Task to carry out:
From the entries below, print exactly the span beginning with the line holding "Giá treo TiVi" and ending with the line holding "Raymond, NH –", endpoints included, and skip any pictures.

Available data:
* * * *

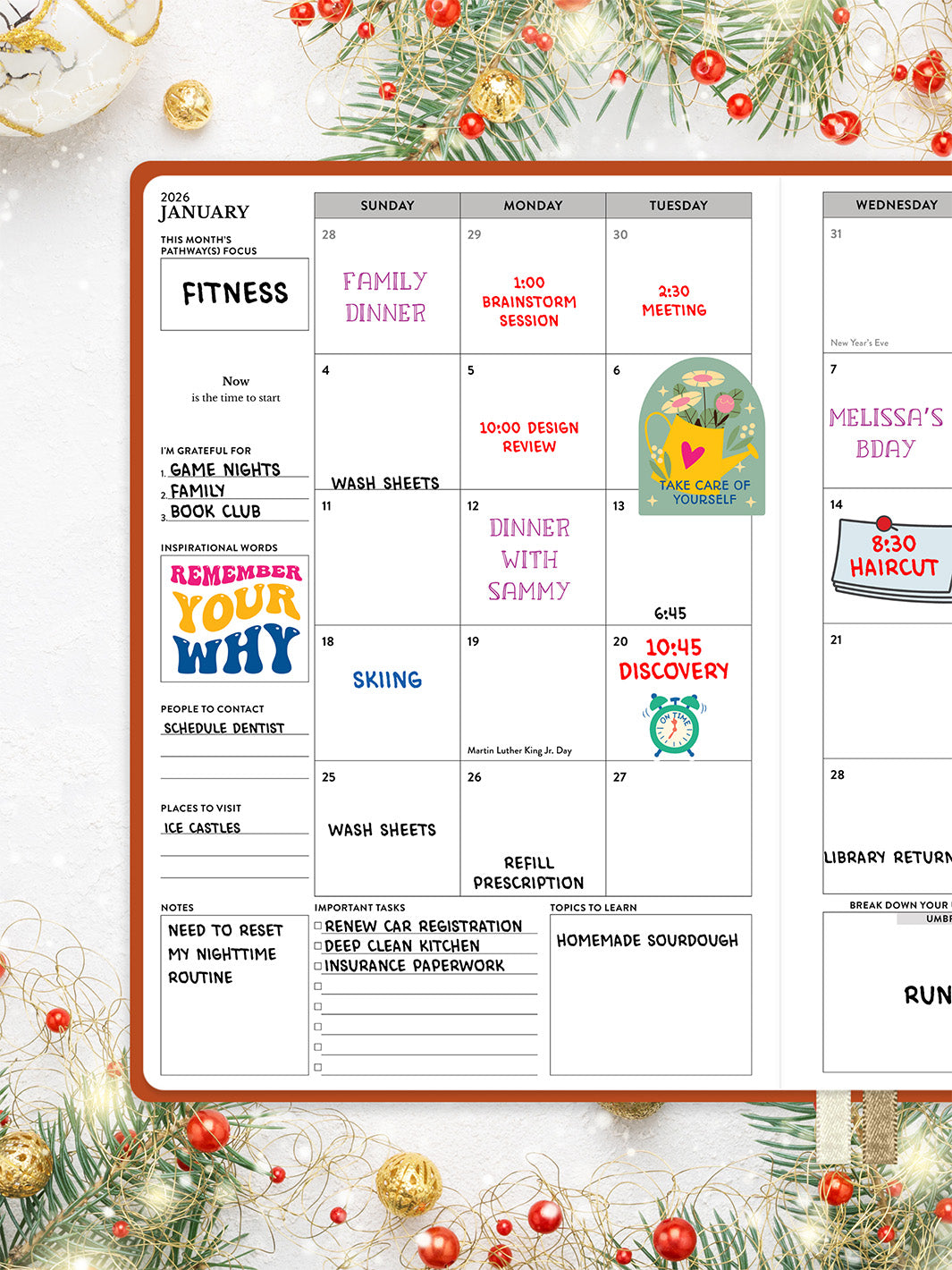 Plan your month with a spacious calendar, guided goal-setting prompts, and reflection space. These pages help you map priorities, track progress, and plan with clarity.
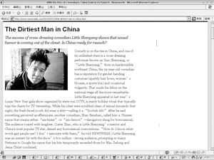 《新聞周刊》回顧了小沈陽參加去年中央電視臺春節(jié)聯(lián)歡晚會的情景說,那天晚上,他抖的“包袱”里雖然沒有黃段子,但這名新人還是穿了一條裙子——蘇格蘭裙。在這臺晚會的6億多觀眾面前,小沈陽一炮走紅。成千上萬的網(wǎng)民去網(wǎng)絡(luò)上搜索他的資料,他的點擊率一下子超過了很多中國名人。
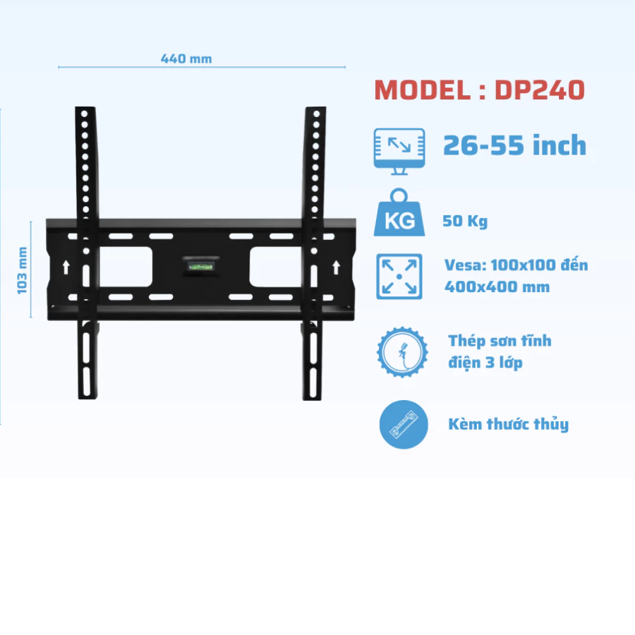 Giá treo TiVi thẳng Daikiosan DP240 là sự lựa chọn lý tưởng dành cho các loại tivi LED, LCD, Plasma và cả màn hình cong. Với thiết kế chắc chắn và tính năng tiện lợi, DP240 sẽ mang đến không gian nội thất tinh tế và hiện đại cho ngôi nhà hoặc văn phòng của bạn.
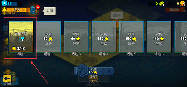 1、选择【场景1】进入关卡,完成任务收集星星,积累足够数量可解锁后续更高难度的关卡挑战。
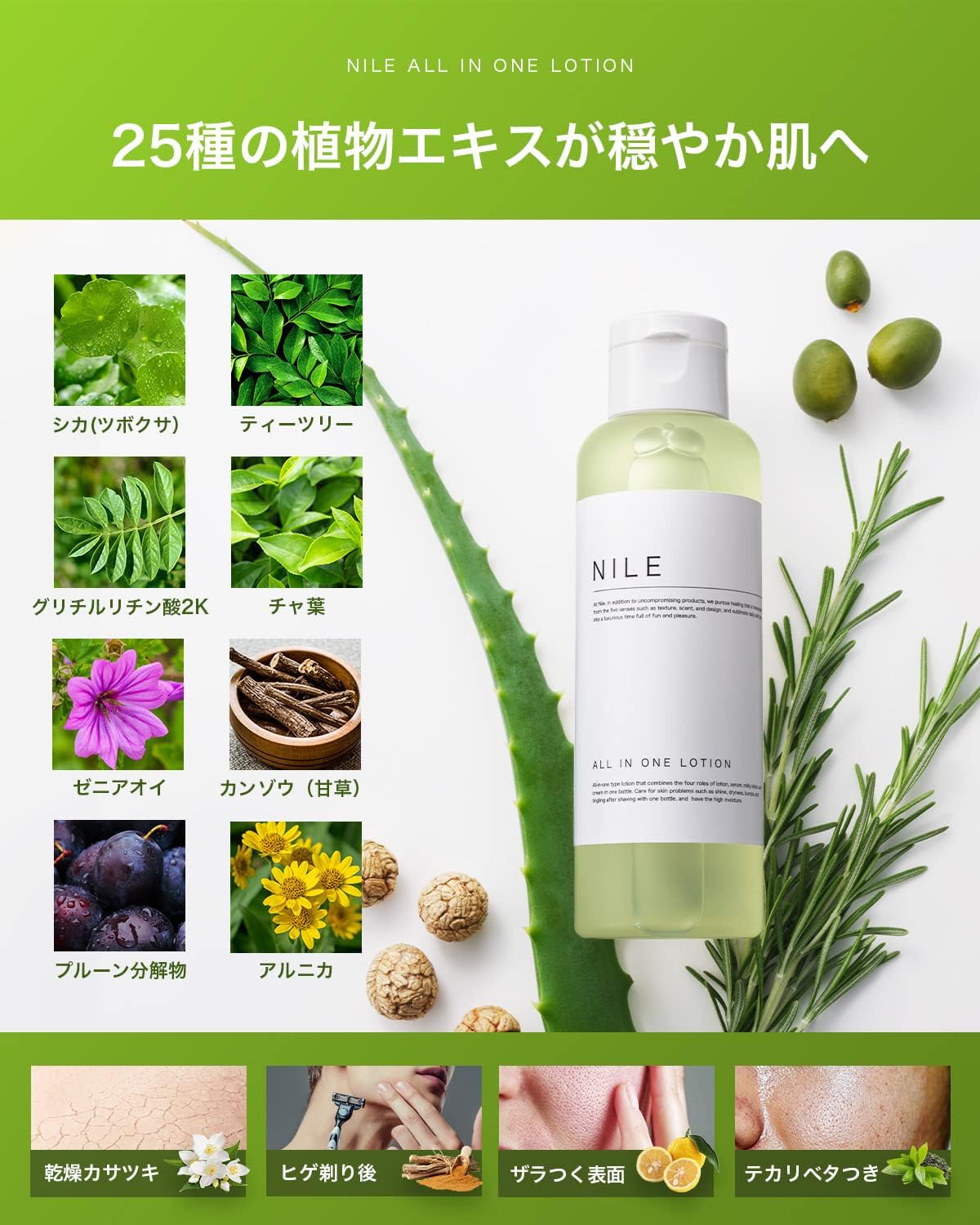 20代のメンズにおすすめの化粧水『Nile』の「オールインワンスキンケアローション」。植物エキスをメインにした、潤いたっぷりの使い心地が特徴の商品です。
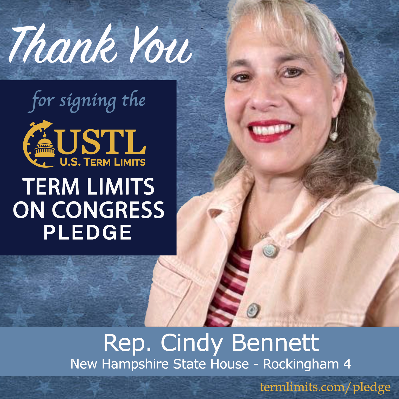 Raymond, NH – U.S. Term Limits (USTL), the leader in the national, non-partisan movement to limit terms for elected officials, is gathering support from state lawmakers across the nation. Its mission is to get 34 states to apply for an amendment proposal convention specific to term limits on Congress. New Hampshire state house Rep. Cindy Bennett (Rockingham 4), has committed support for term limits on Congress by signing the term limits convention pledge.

* * * *

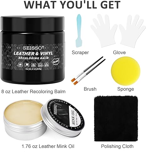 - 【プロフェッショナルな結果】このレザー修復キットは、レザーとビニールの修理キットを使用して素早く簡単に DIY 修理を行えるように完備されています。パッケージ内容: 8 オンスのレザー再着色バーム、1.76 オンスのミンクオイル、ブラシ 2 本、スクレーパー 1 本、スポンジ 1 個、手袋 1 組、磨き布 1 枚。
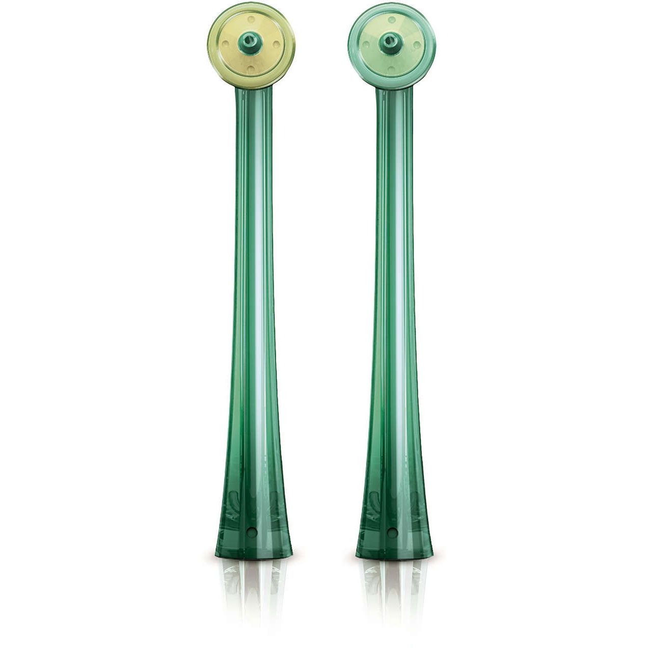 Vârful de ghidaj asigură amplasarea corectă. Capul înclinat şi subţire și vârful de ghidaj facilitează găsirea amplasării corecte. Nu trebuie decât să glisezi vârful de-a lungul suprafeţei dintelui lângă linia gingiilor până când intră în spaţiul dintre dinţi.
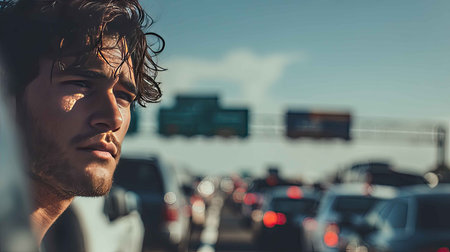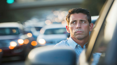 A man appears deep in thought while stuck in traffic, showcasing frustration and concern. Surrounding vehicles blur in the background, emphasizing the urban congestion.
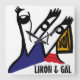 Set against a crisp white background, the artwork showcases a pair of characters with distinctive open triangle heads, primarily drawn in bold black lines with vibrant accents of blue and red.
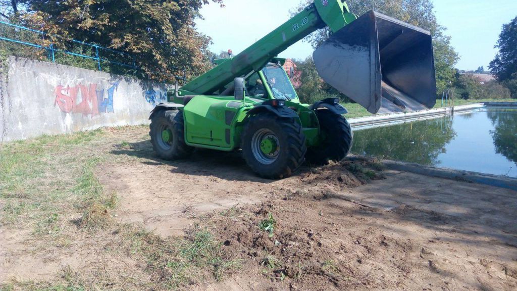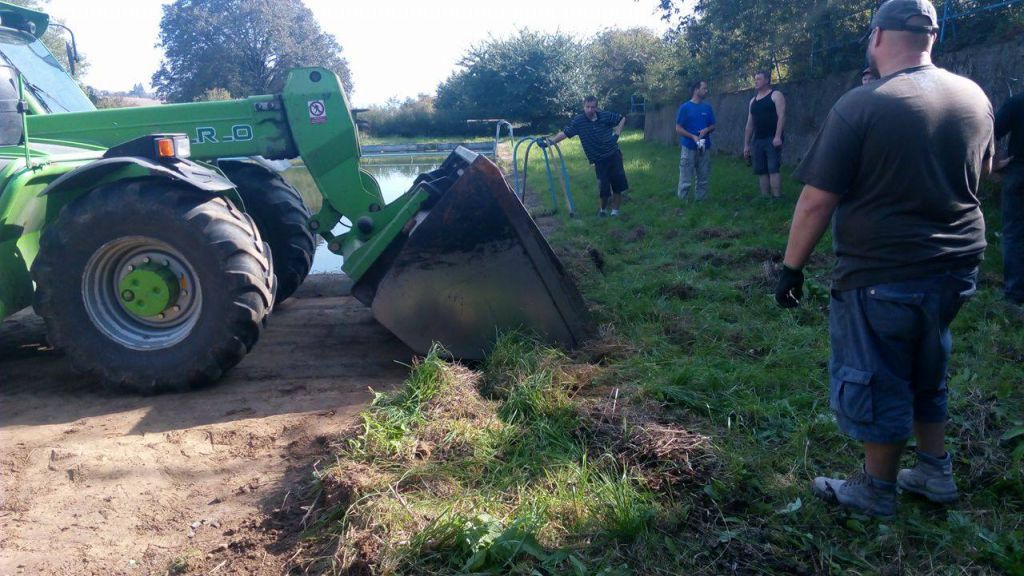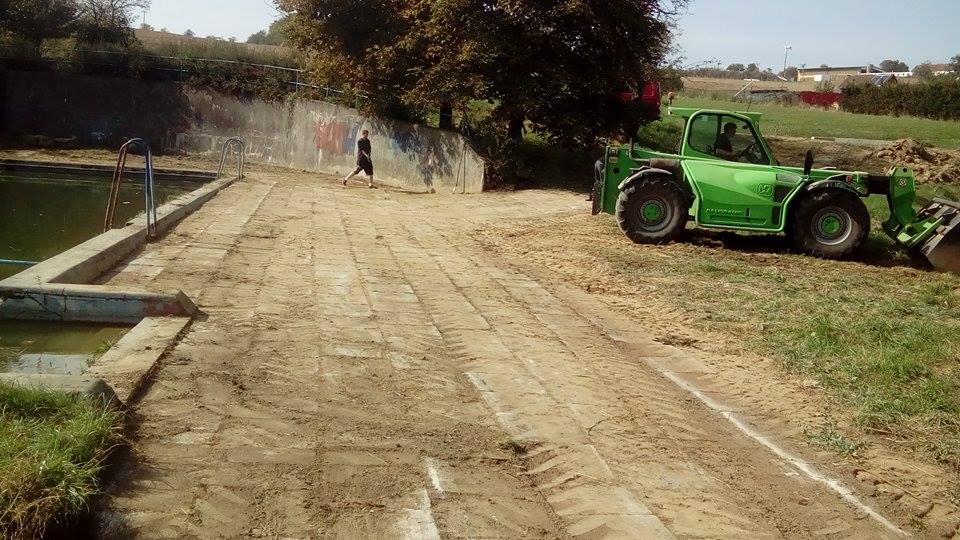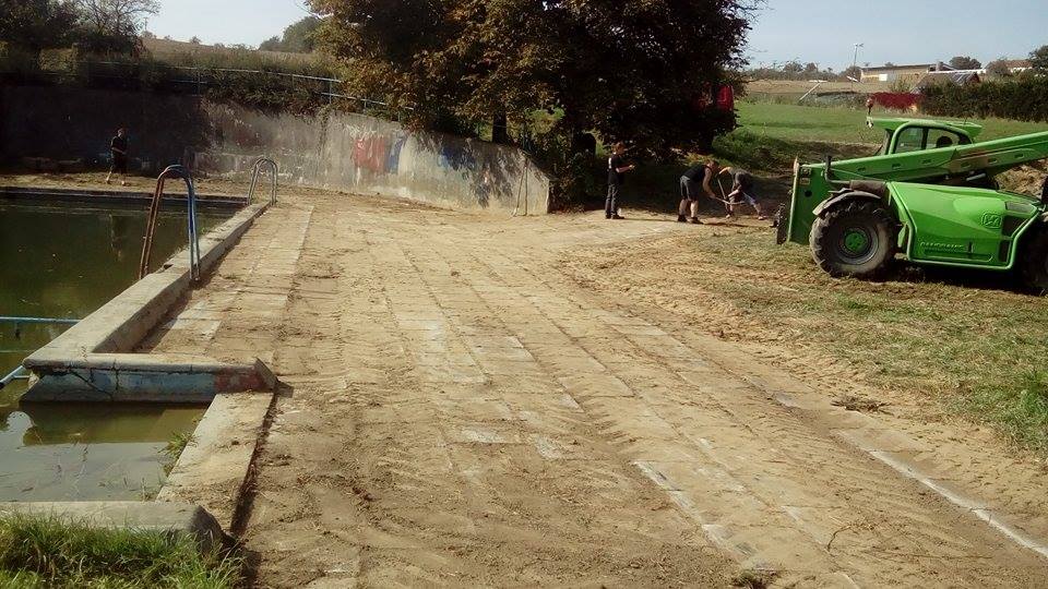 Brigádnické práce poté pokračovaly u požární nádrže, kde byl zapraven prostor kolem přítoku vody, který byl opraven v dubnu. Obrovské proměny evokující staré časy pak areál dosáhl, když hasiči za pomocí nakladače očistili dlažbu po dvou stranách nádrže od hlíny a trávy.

* * * *

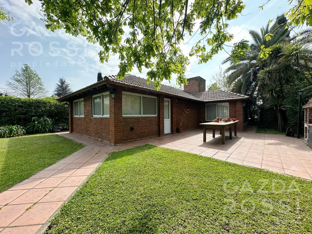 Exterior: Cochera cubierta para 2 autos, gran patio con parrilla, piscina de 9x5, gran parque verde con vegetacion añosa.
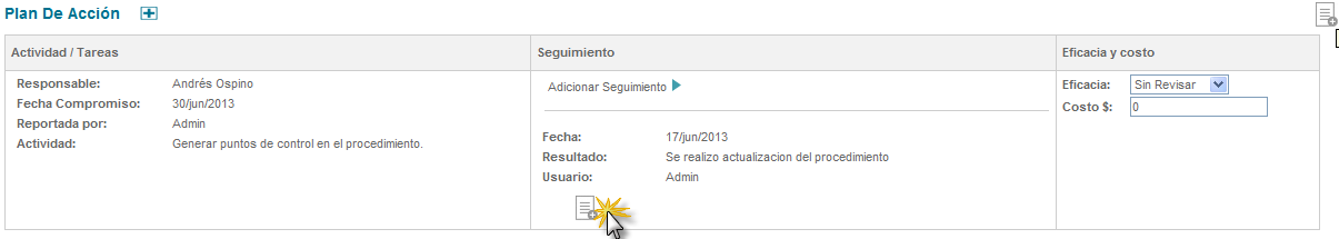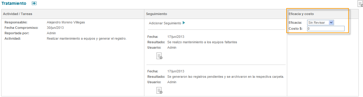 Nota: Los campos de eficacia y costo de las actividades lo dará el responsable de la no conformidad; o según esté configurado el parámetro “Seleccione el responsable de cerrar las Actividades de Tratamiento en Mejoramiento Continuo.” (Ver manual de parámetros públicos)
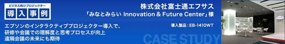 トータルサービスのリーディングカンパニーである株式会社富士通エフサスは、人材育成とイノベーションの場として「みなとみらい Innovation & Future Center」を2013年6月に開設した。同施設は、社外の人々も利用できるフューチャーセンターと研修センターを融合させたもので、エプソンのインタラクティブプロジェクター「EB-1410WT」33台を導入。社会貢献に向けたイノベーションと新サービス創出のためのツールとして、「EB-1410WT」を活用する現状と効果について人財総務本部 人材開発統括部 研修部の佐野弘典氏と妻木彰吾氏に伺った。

* * * *

Result:
 Giá treo TiVi thẳng Daikiosan DP240 là sự lựa chọn lý tưởng dành cho các loại tivi LED, LCD, Plasma và cả màn hình cong. Với thiết kế chắc chắn và tính năng tiện lợi, DP240 sẽ mang đến không gian nội thất tinh tế và hiện đại cho ngôi nhà hoặc văn phòng của bạn.
 1、选择【场景1】进入关卡,完成任务收集星星,积累足够数量可解锁后续更高难度的关卡挑战。
 20代のメンズにおすすめの化粧水『Nile』の「オールインワンスキンケアローション」。植物エキスをメインにした、潤いたっぷりの使い心地が特徴の商品です。
 Raymond, NH – U.S. Term Limits (USTL), the leader in the national, non-partisan movement to limit terms for elected officials, is gathering support from state lawmakers across the nation. Its mission is to get 34 states to apply for an amendment proposal convention specific to term limits on Congress. New Hampshire state house Rep. Cindy Bennett (Rockingham 4), has committed support for term limits on Congress by signing the term limits convention pledge.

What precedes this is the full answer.